Data records:

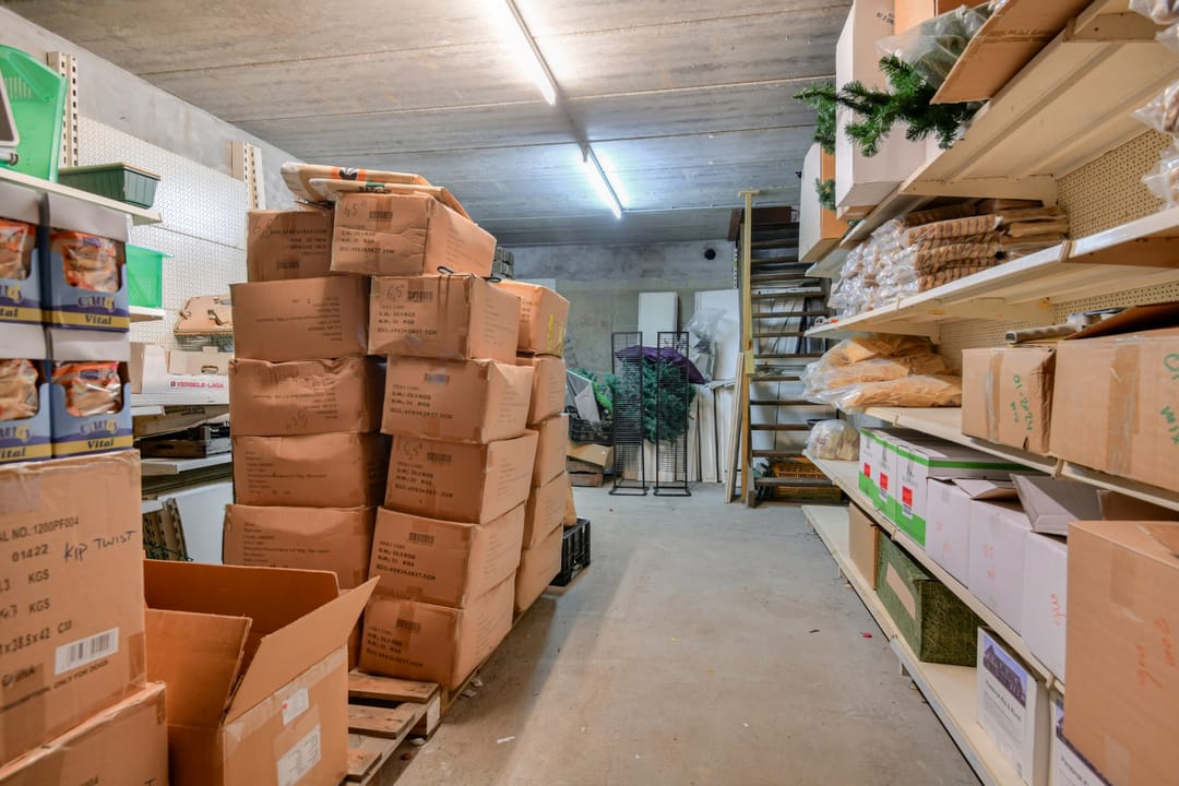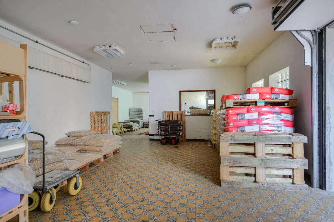 Het rechtergedeelte van het pand is hoofdzakelijk ingericht als magazijn/opslagruimte. Hier is ook een extra toilet met voorportaal. In het magazijn is er een grote sectionaaldeur voorzien van kunststof lamellen. De vloer is volledig betegeld.
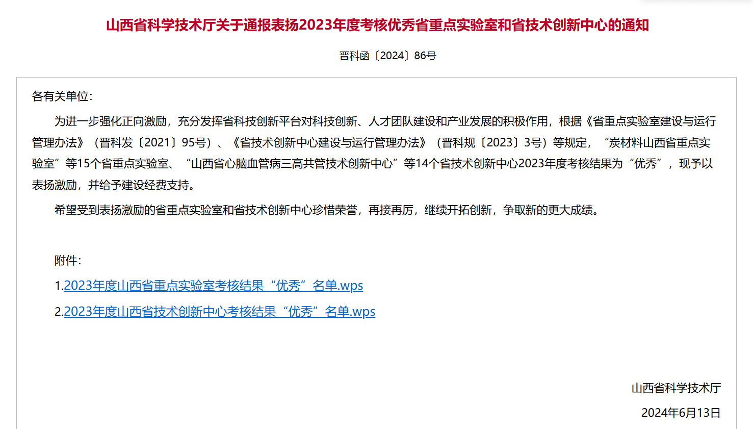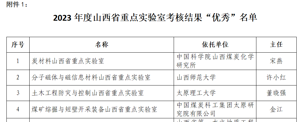 山西省科技廳為進一步強化正向激勵,充分發揮省科技創新平臺對科技創新、人才團隊建設和產業發展的積極作用,根據《省重點實驗室建設與運行管理辦法》(晉科發〔2021〕95號)等規定,對省重點實驗室進行年度考核,炭材料山西省重點實驗室2023年度考核被評定為“優秀”,山西省科技廳予以表揚激勵,并給予建設經費支持。這是炭室連續第四年(2020、2021、2022、2023年度)考核被評為優秀。
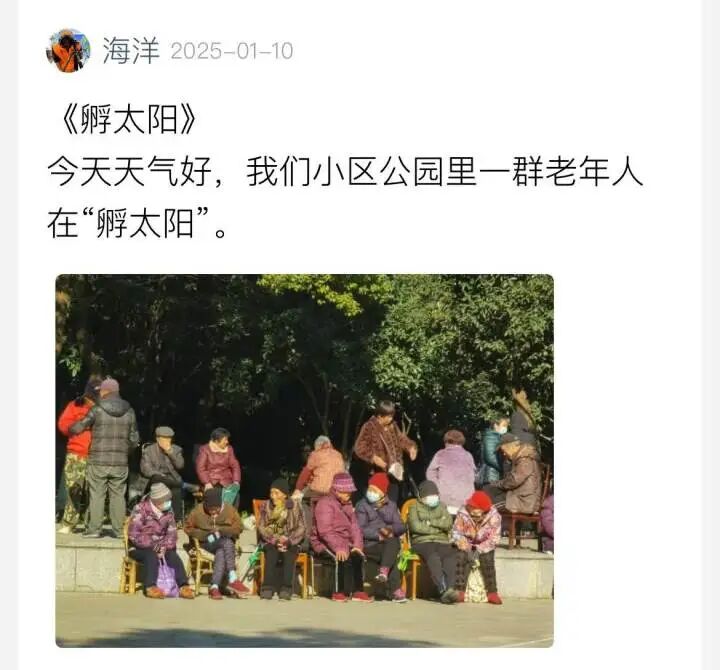 网友们的回复也是五花八门,河北网友说叫“晒老阳儿(爷儿)”;江西网友称是“晒暖”;山东网友跟帖“晒阳阳”;广东潮汕的说法是“借日”;此外还有“晒太影儿”“晒热头”“晒意阳儿”等等。
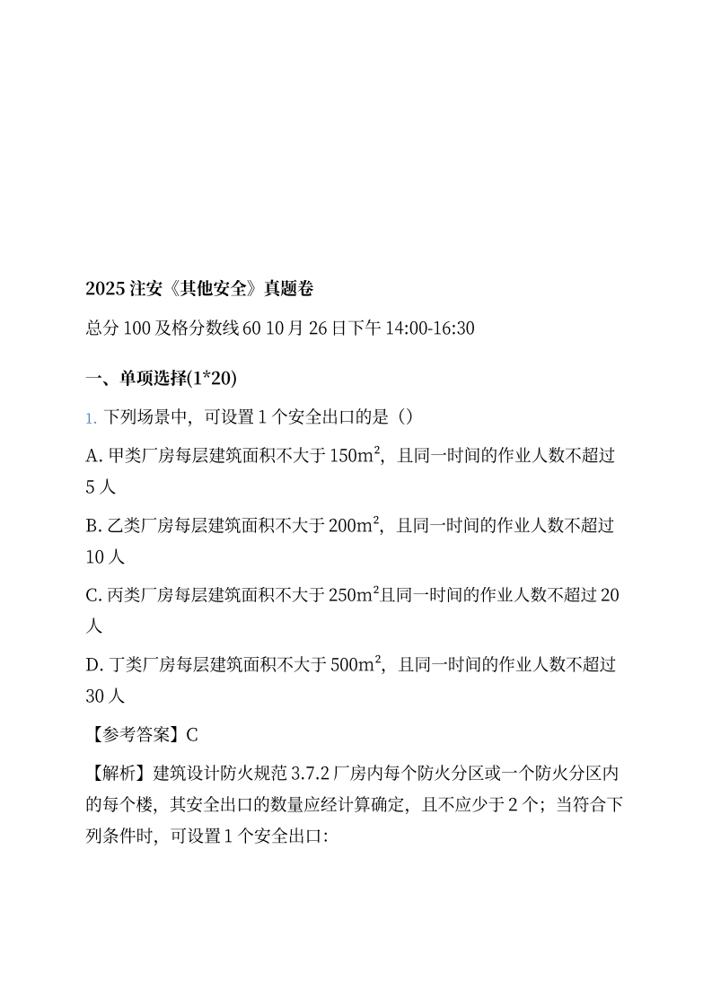 首页安全题库注安考试2025年注安实务《其他》真题及答案
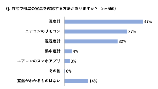 快適な空気環境を作るためにも、温度計などで室温を確認していただきながら室内温度を調整することが重要です。室内温度については、86%が自宅の室内温度を確認する方法がある一方で、14%は「ない」と回答しており、温度計をお持ちでない方は、この機会に実際の室内温度をチェックしてみるのも良いでしょう。
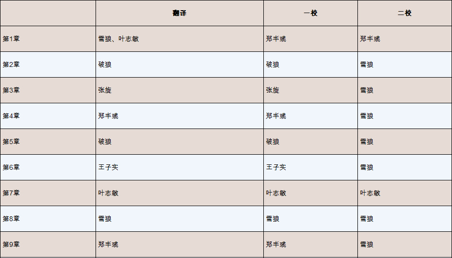 除此之外,雪狼还承担了项目管理和中文统稿工作;破狼负责全书的技术准确性把关;叶志敏负责与作者沟通,并在英文理解方面进行把关。
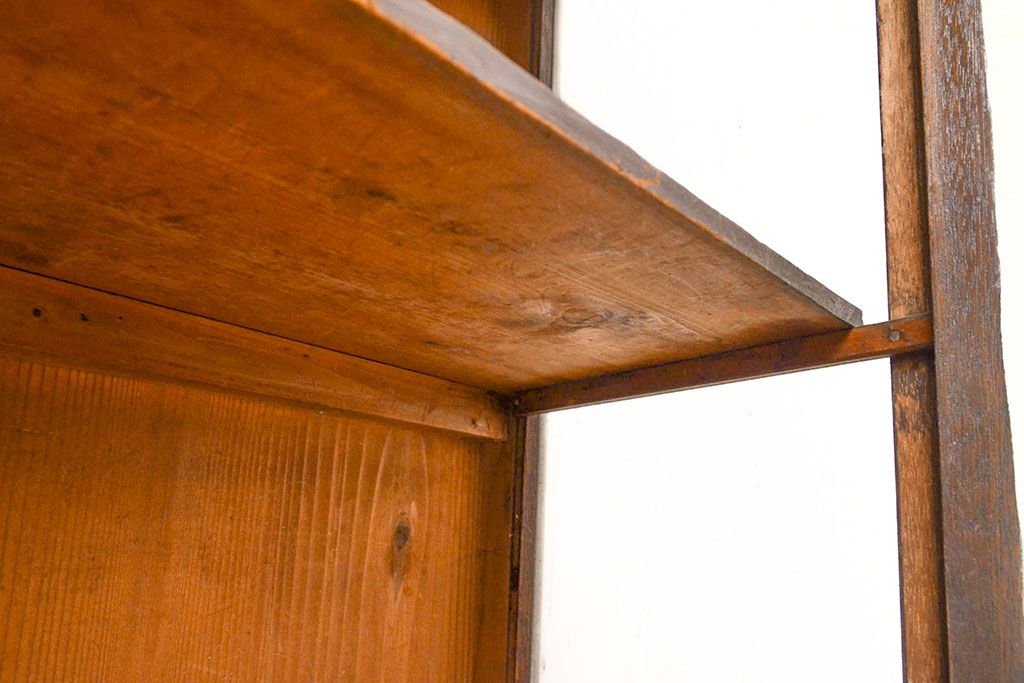 棚板は取り外しできます。棚板は1枚あります。棚受けは1ヶ所で調整できます。棚幅サイズのものが1枚の作りです。
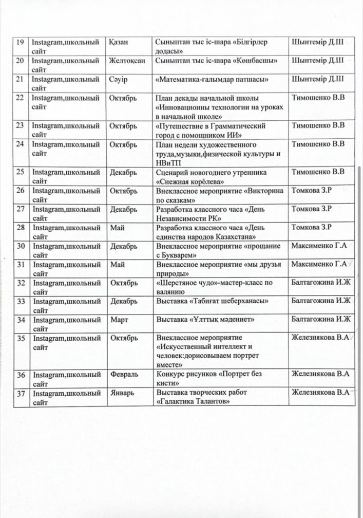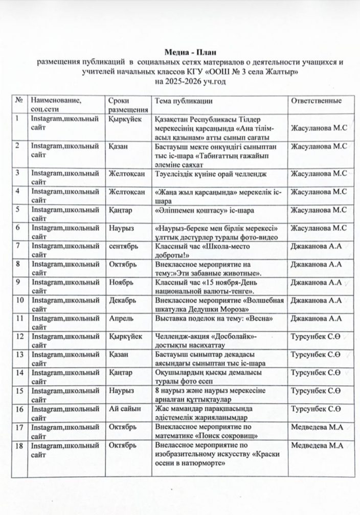 Әлеуметтік желілерде бастауыш сынып оқушылары мен мұғалімдерінің қызметі туралы материалдар жариялау жоспары
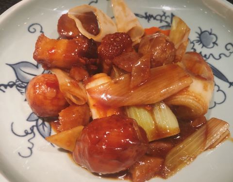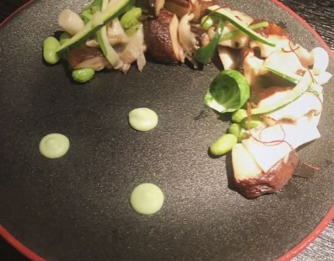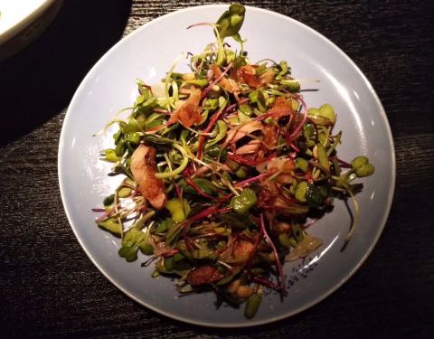 还有超级喜欢他家吧粤菜客家菜都做的如此潮流。 沙律里有柚子和松子还有鸭肉,超级好吃。只能说太好吃了
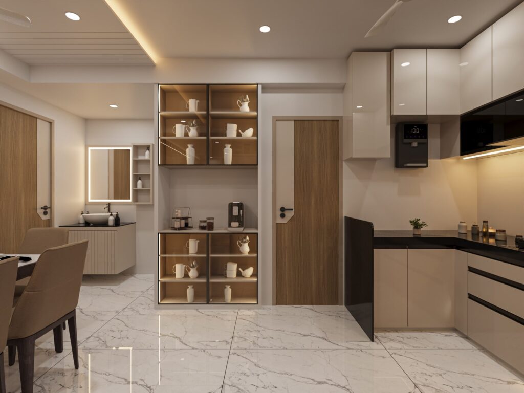The kitchen was designed with a focus on efficiency and long-term durability. Modular cabinetry, integrated storage solutions, and practical layouts support daily routines while maintaining a contemporary aesthetic. Utility areas were discreetly integrated for functional convenience.
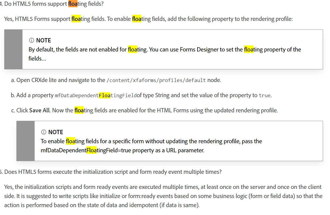 I am recently working on converting PDF forms developed in AEM designer to make them HTML5 Compatible. However i am facing issues with the Floating fields.
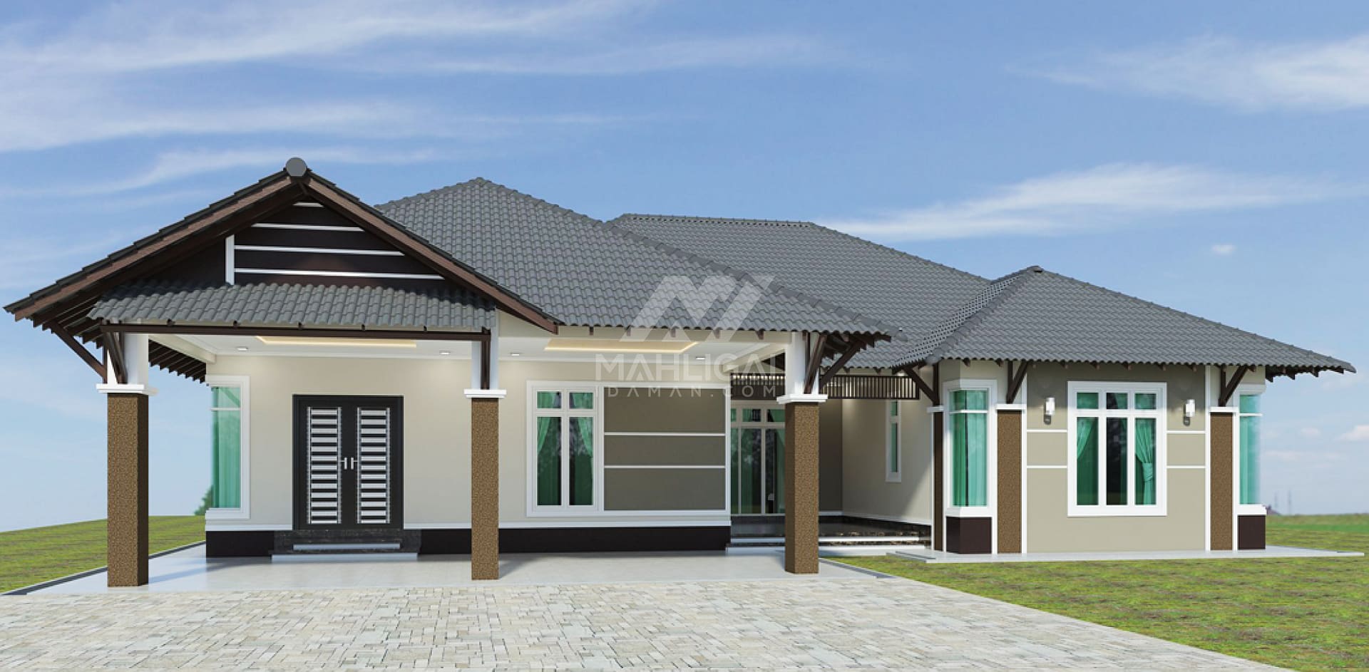 Banglo ini dibina dengan spesifikasi asas Pakej Gold dan beberapa penambahan dari sudut design seperti pemasangan kayu hiasan (tetupang) pada bahagian bumbung rumah, pemasangan bumbung tambahan (awning) pada bahagian porch dan torehan (groove lines) pada bahagian bumbung dan dinding luar rumah dan pemasangan cornice pada bahagian tingkap & dinding luar rumah.

◆ INSTRUCTIONS FOR THE TASK: For the data above, set down exactly the lines from the line with "还有超级喜欢他家吧粤菜客家菜" to the line with "I am recently", both included, leaving pictures out.

◆ RESPONSE TO THIS EXERCISE:
 还有超级喜欢他家吧粤菜客家菜都做的如此潮流。 沙律里有柚子和松子还有鸭肉,超级好吃。只能说太好吃了
The kitchen was designed with a focus on efficiency and long-term durability. Modular cabinetry, integrated storage solutions, and practical layouts support daily routines while maintaining a contemporary aesthetic. Utility areas were discreetly integrated for functional convenience.
 I am recently working on converting PDF forms developed in AEM designer to make them HTML5 Compatible. However i am facing issues with the Floating fields.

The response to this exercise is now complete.